How to run ESTEL in parallel on a cluster
This article describes how to run parallel jobs in ESTEL on HPC clusters.
Beowulf clusters are real high performance facilities such as Blue Crystal. If you plan to run ESTEL on a network of workstations, use this article about networks of workstations instead.
Pre-requesites
- TELEMAC system installed and configured for MPI. See the installation article if necessary.
- PBS queuing system on the cluster.
- Fortran compiler and local directory in the
PATH
(see below).
Adjusting the PATH for batch jobs
When you submit a job to a queue on a cluster, the environment available when the job is eventually run is not necessarily the one you had when you submitted the job. This is particularly important for the TELEMAC system as the job submitted to the PBS queue needs access to the Fortran compiler and the local folder (./
) to run. Various solutions exist depending on the platform.

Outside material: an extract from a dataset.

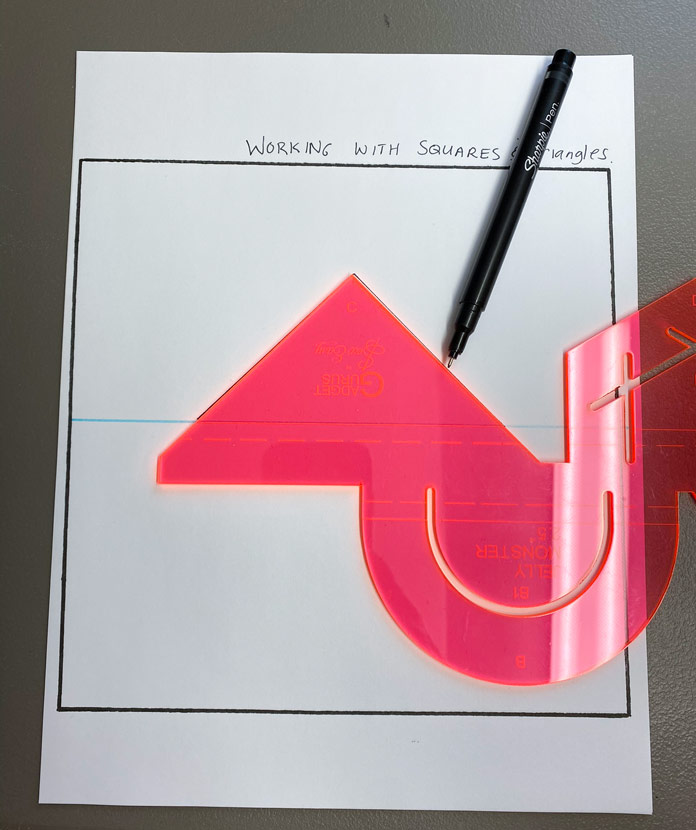 2 great template sets you need for impressive free motion quilting by Robin Bogaert December 10, 2021 written by Robin Bogaert December 10, 2021 754 All week I’ve discussed free motion designs that quilters need to draw out, and yesterday, we learned how to plan out and free motion quilt 3 nature-inspired designs. The good news with today’s post, is we can use templates and freezer paper to assist with the drawing process using the Sew Easy Jelly Monster Template and the Sew Easy 9pc Circle Template Set, along with Sew Easy Freezer Paper. These tools will make your sewing quilting projects so much easier. The Sew Easy 9pc Circle Template Set In the Sew Easy 9pc Circle Template Set, templates range in size from 1” to 5”. I’ll start with the circle templates. I used the 2½” circle from the 9 templates (a great value) to design the ‘Orange Peel’ quilting pattern. I drew a 2” grid within a 10” square as shown. I then made sure the edge of the template met the intersections of the grid and used the template to mark my orange peel sections. These templates are great because they’re made in such a bright color that is easy to see, they’re see-through and have vertical, horizontal, and 45-degree lines marked on them making them great for centering. The number of sizes available also makes them great for applique. Using the 2½” circle template to make an orange peel design for free motion quilting Quilting the orange peel design using a serpentine direction to make the design continuous The finished orange peel design completed with Gütermann Sew-all Thread in Burgundy These circle templates ranging in size from 1” to 5” are also useful for drawing out appliques and background quilting designs…the possibilities are endless. Another idea for using the Sew Easy 9 piece Circle Template Set – Applique and Quilting Designs The Sew Easy Jelly Monster Template is useful to draw out shapes and cut from strips of fabric folded in half, or 2½” jelly roll strips sewn together. Again it’s made in the pink clear durable acrylic with clear markings for 2 sizes of circles, 2 sizes of hexagons, a diamond, a square and 2 sizes of triangles. See the package instructions below. Jelly Monster Template – a very useful template to draw shapes for free motion quilting as well as for cutting fabric applications Back of package and instructions for the Jelly Monster Template – great for cutting jelly rolls and for use as a drawing tool for free motion quilting I used the Jelly Monster Template today to draw triangle, square and hexagon shapes. A template like this has so many uses and limitless possibilities. I drew out a square with it, as shown. Drawing the top of the square with the Jelly Monster Template Drawing the bottom of the square with the Jelly Monster Template Designing a feather shape within a square Designing a feather shape within a square Designing a feather shape within a square – top is complete Designing a feather shape within a square – bottom is complete Square shape is quilted with Gütermann Metallic Thread Drawing a triangle shape with the Sew Easy Jelly Monster Template Place ½” and 1” marks with a UNIQUE Sewing Blue Wash-out Marker to use as guidelines for quilting Sew Easy Jelly Monster Template, SCHMETZ Quilting Needles, Gütermann Thread and UNIQUE Sewing Wash-out marker make great free motion quilting possible Ready for an extreme challenge? Try drawing a hexagon shape with the Jelly Monster Template to create a paradox design by marking ¼” all around the hexagon with a UNIQUE Sewing Wash-out Marker, as shown. Then sew from ¼” mark to ¼” mark with a controlled, slow and straight free motion quilting line, as shown. Drawing out a hexagon with the Jelly Monster Template Adding ¼” increments to sew a line from ¼” to ¼” on the hexagon Quilting the paradiox design The Paradox, Challenge Design quilted with Gütermann Sew-all Thread in Teal Sew Easy Freezer Paper, great for appliques and marking for free motion quilting Freezer paper can assist with all kinds of quilting projects including applique, for tracing designs and shapes. I use it frequently to draw out a quilting design on the matte side ahead of time, and place it directly on a quilt. I then iron it to the quilt (wax side) to the fabric for temporary adhesion, and then sew right on top of the design. It eliminates the step of transferring the design to fabric, saving time. These steps are shown below. Design marked onto freezer paper and ironed to the right side of fabric Design quilted onto the freezer paper Peeling off the freezer paper Freezer paper design completed How to make potholders from free motion quilting practice samples Square your practice sample down to 10” x 10”. Fold the pre-cut 10” x 10” fabric in half, wrong sides together. Place a piece of Velcro hook towards the folded side centered by measuring 4½” up from the raw left side and bottom, as shown. Pin the Velcro in place and sew. Measuring the pocket for the Velcro 4. Measure up the same way on the backside of the quilted sample, and place the loop of the Velcro. Pin and sew, as shown. Measuring the Velcro for the quilt practice sample 5. Matching Velcro and raw edges, sew the pocket piece to the back of the quilted practice sample with a ⅛” seam allowance along the sides and bottom. Lining up the Velcro and raw edges ready for basting 6. Bind as desired. For help with binding, check out this free quilt binding tutorial. 7. To add a hanging tab, cut a 2” x 6” piece of corresponding fabric and fold it in half lengthwise wrong sides together. Sew along the length, turn it to the right side, then press and sew it to the left corner backside of the potholder. Loop tab added to the back of the potholder 8. Add a recipe or candy to the back pocket (optional). Adding a recipe and candy to the potholder pocket Front of potholders Back of potholder shows off the seasonally beautiful F

On Bluecrystal, the easiest is to load all required modules in the .bashrc
file.
Submitting a job
When all pre-requesites are satisfied, it is quite easy to submit a TELEMAC job to the PBS queue. A script exists in the /path/to/systel90/bin/
directory which takes care of most aspects of the job submission. How nice... Get the script for the estel-bin
subversion repository if necessary.
The syntax is the following:
$ qsub-telemac jobname nbnodes walltime code case
where:
jobname
is a name for the job you are submittingnbnodes
is the number of nodes to use. Only one processor per node is supported at the moment.walltime
is the PBS walltime, i.e. the simulation will stop if this time is reached. The syntax is standard PBS syntax; hh:mm:ss or a single number is seconds.code
is the name of the TELEMAC code to run, i.e. probably estel2d or estel3d.case
is the name of the steering file to use for the simulation.
Note that qsub-telemac
is clever enough (!) to adjust the number of parallel processors in the steering file automatically to match the argument nbnodes
. However, the keyword PARALLEL PROCESSORS
needs to be in the steering file. Only the value is adjusted at the moment...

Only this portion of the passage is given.